Ela é nativa do Sul do Brasil, mas é mais conhecida pelos consumidores da Europa, Estados Unidos, Japão e Oceania. Ela até pode ser encontrada em boas frutarias da cidade de São Paulo, entre março e maio. Mas só na versão importada da Colômbia, cuja produção só perde para a da Nova Zelândia (embora em nenhum dos dois países ela cresça naturalmente).

Ela é conhecida como feijoa (Acca sellowiana), embora nada tenha a ver com o feijão. Também atende por goiaba-serrana, goiaba-crioula,
araçá-do-rio-grande, goiaba-abacaxi, goiaba-ananás ou, em inglês, pineapple guava e fig guava.

Trata-se de uma fruta oval, de 5 centímetros, casca verde e polpa branca macia, da família das mirtáceas. Aparentada, portanto, com a jabuticaba, a pitanga e a goiaba. Mas não com o abacaxi, apesar dos apelidos (derivados de seu sabor agradável, descrito como uma indefinida mistura de lembranças boas).
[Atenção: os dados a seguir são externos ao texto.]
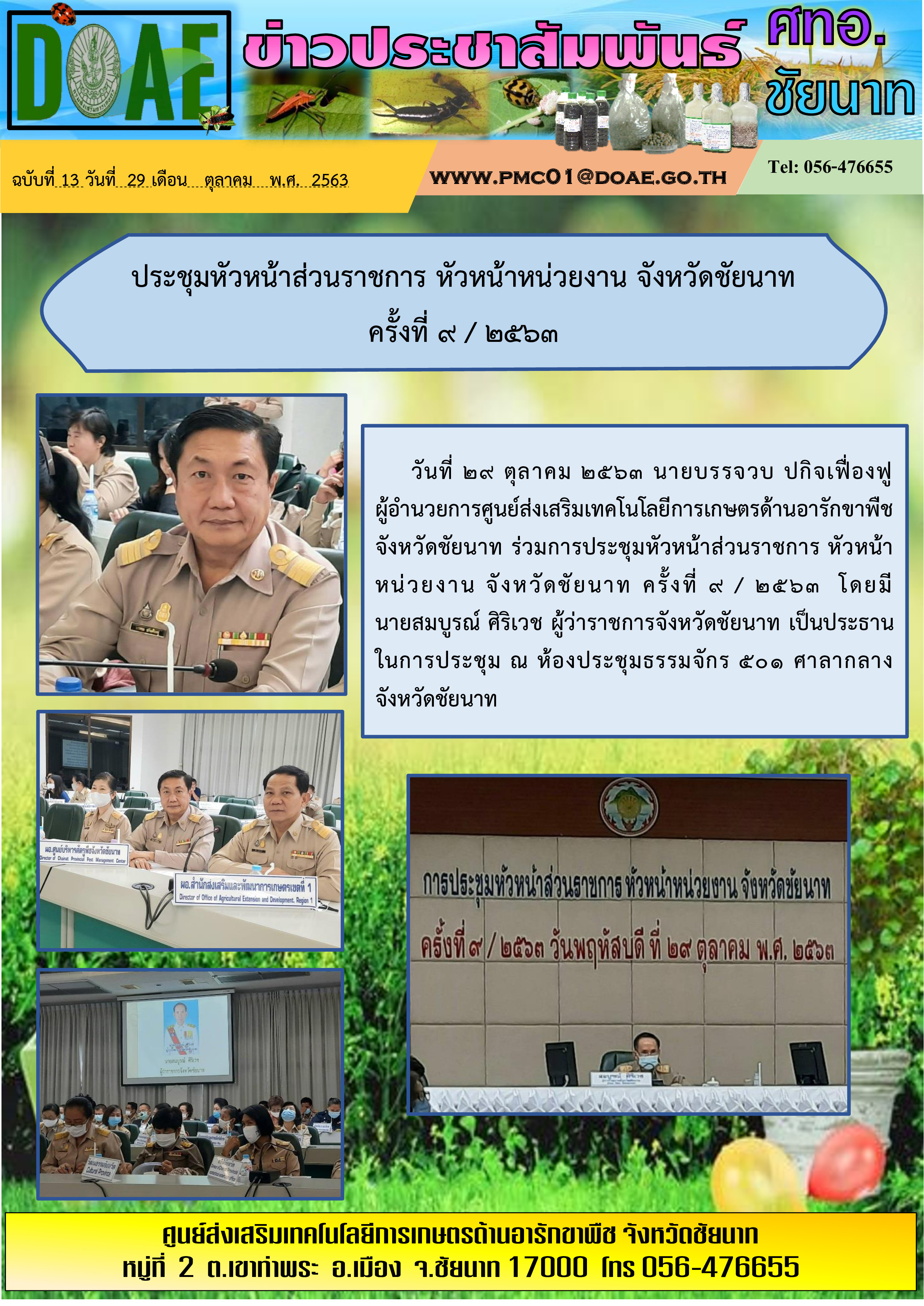 29-10-63 การประชุมหัวหน้าส่วนราชการ หัวหน้าหน่วยงาน จังหวัดชัยนาท ครั้งที่ 9 / 2563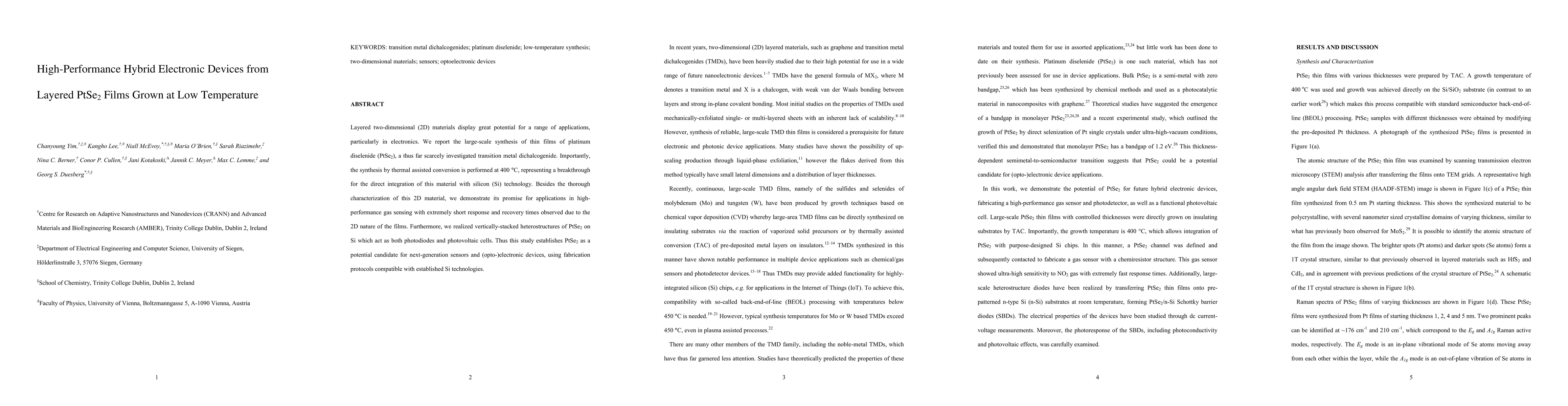 Layered two-dimensional (2D) materials display great potential for a range of applications, particularly in electronics. We report the large-scale synthesis of thin films of platinum diselenide (PtSe2), a thus far scarcely investigated transition metal dichalcogenide. Importantly, the synthesis by thermal assisted conversion is performed at 400 {\deg}C, representing a breakthrough for the direct integration of this novel material with silicon (Si) technology. Besides the thorough characterization of this new 2D material, we demonstrate its promise for applications in high-performance gas sensing with extremely short response and recovery times observed due to the 2D nature of the films. Furthermore, we realized vertically-stacked heterostructures of PtSe2 on Si which act as both photodiodes and photovoltaic cells. Thus this study establishes PtSe2 as a potential candidate for next-generation sensors and (opto-)electronic devices, using fabrication protocols compatible with established Si technologies.

Como toda fruta, a feijoa tem suas qualidades de alimento funcional: muita vitamina C; fósforo; magnésio; sódio; cálcio e uma bela dose de potássio, bom para combater câimbras e dar tonicidade aos músculos. Diferente do resto, porém, ela tem ainda um alto teor de iodo, componente importante dos hormônios secretados pela tireóide, responsáveis pelo equilíbrio do metabolismo em nosso organismo. A carência de iodo leva ao desenvolvimento de uma doença chamada bócio e é por isso que o elemento é acrescentado artificialmente ao sal que consumimos.

As qualidades únicas da feijoa não param por aí. De acordo com pesquisas desenvolvidas sobretudo na Itália, sua polpa é antioxidante (ajuda a “segurar” o envelhecimento) e antimicrobiana (combate bactérias e fungos). Uma pesquisa realizada no Japão vai mais além, atribuindo ao consumo da fruta o poder de modular a imunidade intestinal e reduzir a tolerância oral. Os japoneses testaram a polpa ao natural e uma versão in vitro digerida e, em ambos os casos, os polifenóis presentes na feijoa reduziram a secreção de TGF-beta pelo intestino. TGF-beta é uma proteína comum em todo nosso organismo, mas sua secreção em excesso está associada ao crescimento de células cancerosas.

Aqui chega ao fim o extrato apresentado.